Alexandria Academy
Introduction
Text-to-speech Audio
Images
Alexandria Academy postcard ca 1940.
Backstory and Context
Text-to-speech Audio
The Alexandria Academy is a three-story brick building. The original plan for the building was to operate three different kinds of teaching methodologies. On the first floor, students who were able to afford tuition were instructed in grammar, arithmetic, and physical sciences. A floor above, tuition-paying students learned Latin and classical Greek. The third floor held the Free School, which provided basic skills as well as some of the more advanced lessons that were taught on the other floors.

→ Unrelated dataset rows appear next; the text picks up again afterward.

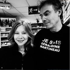 La photographie noir et blanc provient du tournage de l’un des courts-métrages Supermarket. Pierre Dugowson est au côté de l’actrice Géraldine Martineau (Copyright Cosmonaut 391).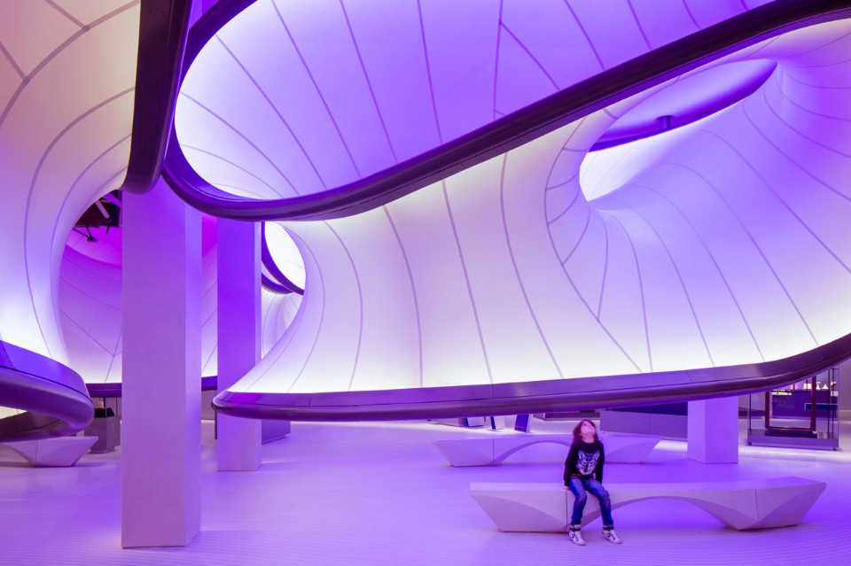 Inspired by the aircraft, the design of the Gallery is driven by equations of airflow used in the aviation industry. The layout and lines of the gallery represent the air that would have flowed around this historic aircraft in flight, from the positioning of the showcases and benches to the three-dimensional curved surfaces of the central pod structure.
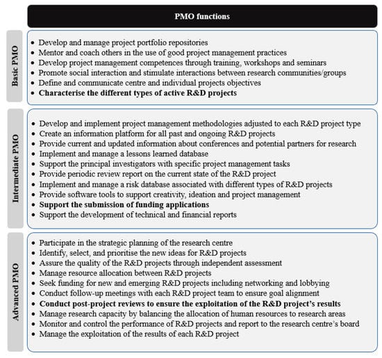 - Fernandes, G.; Bacelar Pinto, E.; Araújo, M.; Machado, R.-J. The roles of a Programme and Project Management Office to support collaborative university–industry R&D. Total Qual. Manag. Bus. Excell. 2018, 31, 1–26. [Google Scholar] [CrossRef]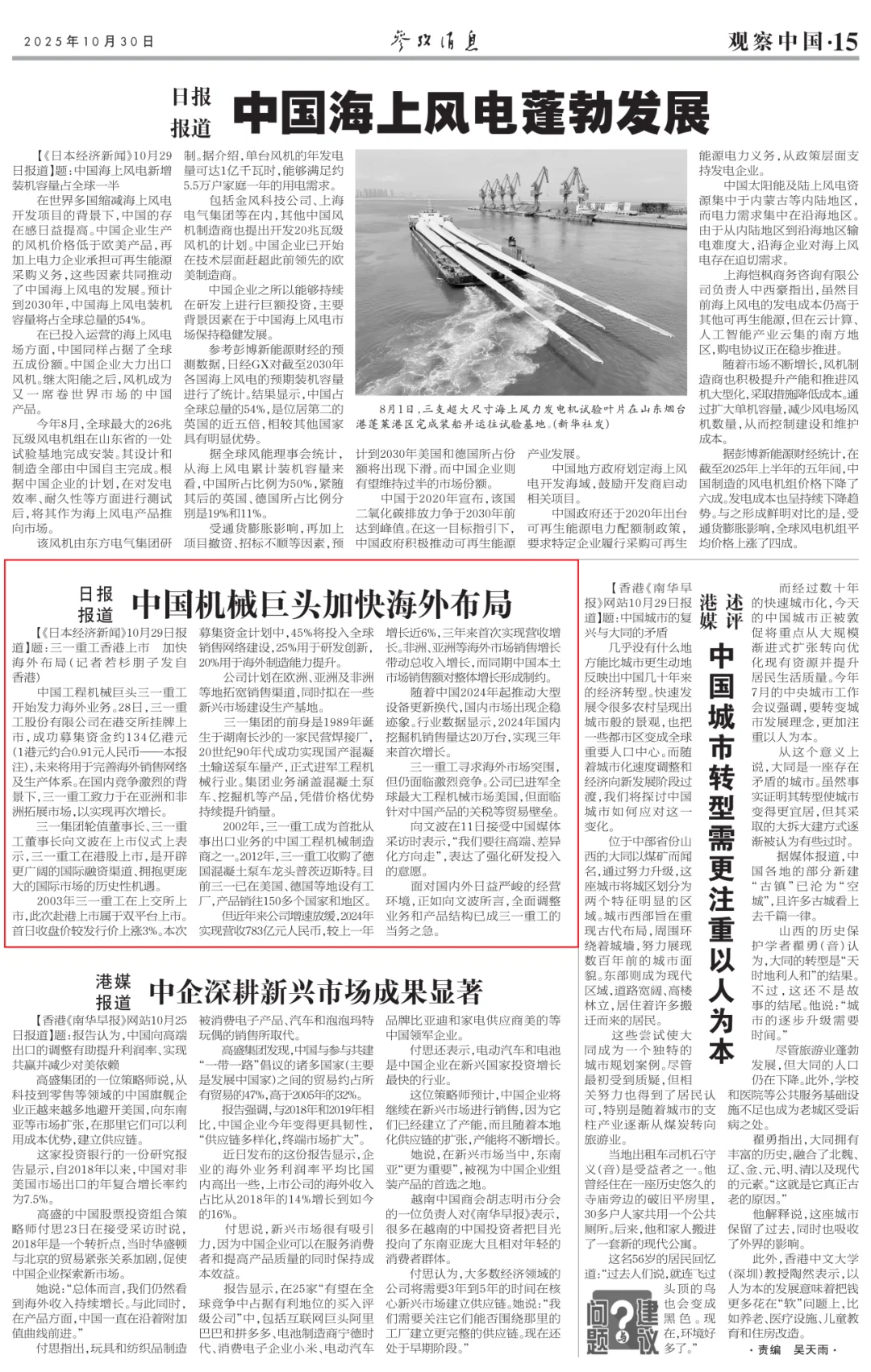 《日本经济新闻》关注三一:中国机械巨头加快海外布局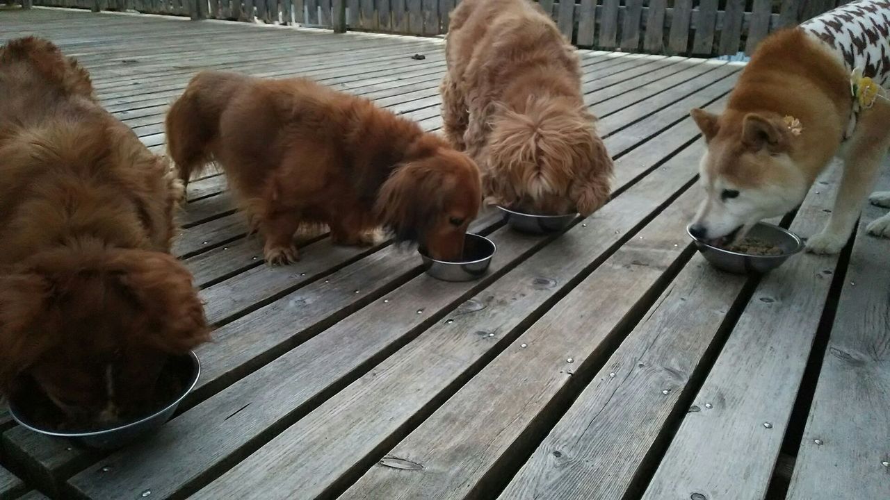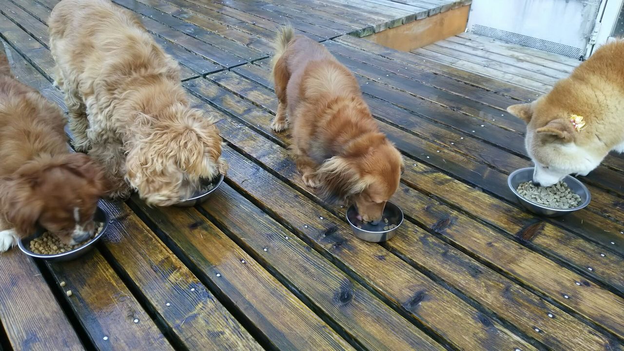 長期預かりゴールデンズのジョジョ君と小太郎君、キャバリア大吉君とミックスシバァちゃん、しっかり完食しました。 生涯預かりコッカーチャッピーちゃんとシーズーココ君、しっかり完食しました。

George Washington took great interest in the Free School and contributed 50 pounds each year- an amount that covered expenses for about twenty students. Washington was involved with the free school during his entire lifetime, and left four thousand dollars to it in his will. In 1812, the Free School moved to a new location. In its place, the academy operated a school for African Americans. At that time, Alexandria was part of the District of Columbia. After the city became part of Virginia in 1846, however, state laws barring the education of both freed and enslaved African Americans required that the classroom for Black students be discontinued.
During the Civil War, the building hosted both a school and hospital for former slaves, offering free tuition for those who could not afford to pay. The Alexandria Academy was absorbed by the Alexandria Public School System in 1884. The building was used for both educational and administrative purposes until 1995. In that year, the Historic Alexandria Foundation purchased and restored the building. As a result, the building still plays a role in the education of all Alexandrians, as the building used by many of the city's cultural and educational institutions.